A teacher's painted face offers lessons

A dollar ninety-nine, plus tax, bought me a box of 45 faces - or the equivalent - one for each day I'm teaching this fall at West Chester University of Pennsylvania. I've used my set of children's paints to adorn my face before I serve up nouns and verbs to students in my advanced Spanish classes.

A sunflower on my right cheek greeted students the first day. A bolt of lightning slashed down my face at our second meeting. The third day, when I came in with a big red question mark on my forehead, a student finally asked: "??iquest??Qué es lo de la cara pintada?" (What's up with the painted face?)

A fair question. Turns out, it has more answers than I thought. I've learned that a painted face trumps a brown skin when it comes to students' perceptions. The face paint catches students by surprise, throws off their expectations. The flowers, fish, and bees on my face sweep away, or at least suspend, preconceptions. My students can take me in with less racial garbage. We have a straight shot at connection and knowledge.

A colleague, also a black woman, shed more light on the racial angle. "Our students expect us to be angry because they know we've struggled," she said. "They're afraid they'll bear the brunt of it. The fish on your face gives them a different message."

The faces also let me put sauce on the vocabulary I serve up. Few of my students will forget la bombilla after seeing a glowing light bulb, outlined in black, painted in the middle of my forehead. Arco iris, rainbow, will stick with them for the same reason. My rainbow so pleased a colleague that she had me paint one on her. "This pretty much cancels out my business suit," she said, "but what the heck!"

My paints helped me portray part of a continent's cultural heritage. I have a Bogolanfini, or mud cloth, skirt. The Bamana people of Mali weave this cloth and give it stark white-on-black designs. One day, I painted my face to echo the skirt's pattern. My vision outstripped my skill, but I wore that face into class anyway. I spoke, en español, about the Bamana and other West African ethnic groups who lost people to the slave trade.

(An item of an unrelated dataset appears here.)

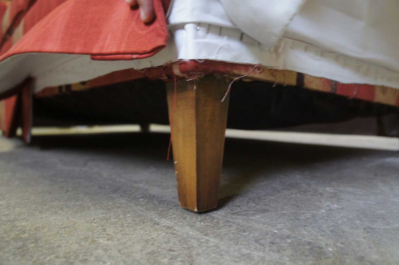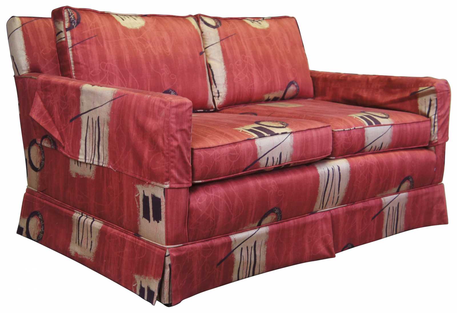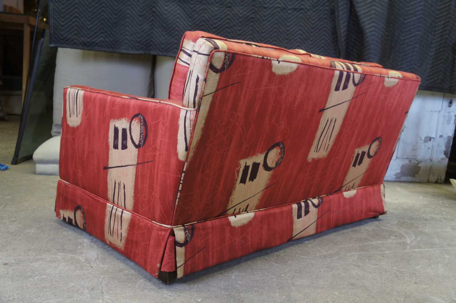 Mid Century red upholstered sofa. Renovated by LT Laquaglia Inc of Dayton Ohio. Features a rectangular form with downfilled rear cushions, arm covers and walnut legs.

The colors on my face address broader issues of college life. They provide a platform on which to stand against the life-sapping grayness of academia. Teaching is serious business, but it need not be dry.

One of my striped faces carried a visual cry of alarm. The door out of poverty that public higher education has offered students of color is swinging shut. Their funding slashed, state colleges and universities nationwide have ditched programs, cut full-time faculty, supersized classes, and hiked tuition. Students of color try to wrest a good education from these circumstances.

My flowering faces are more personal. Each one holds a celebration, a mini-Mardi Gras. My husband died two years ago. Though our 30-year marriage was troubled at times, I mourn him beyond anything I could have imagined. Yet, the quick stabbings of grief come less often now. Through the colors of my paint box - red, yellow, green, blue, black, and white - I rejoice in a lighter life.

And I'll admit that my faces indulge a sense of mischief. One day I painted my nose black and drew whiskers coming from it. When my students asked about that face, I said I was celebrating "El Día International del Gato," International Cat Day.

My students ask me what I'll paint next. Maybe I'll branch out and take a cue from my son's childhood with a paper crown, a cardboard scepter, or tin-foil wings. But I'll save that for second semester.

Constance Garcia-Barrio teaches advanced Spanish at West Chester University.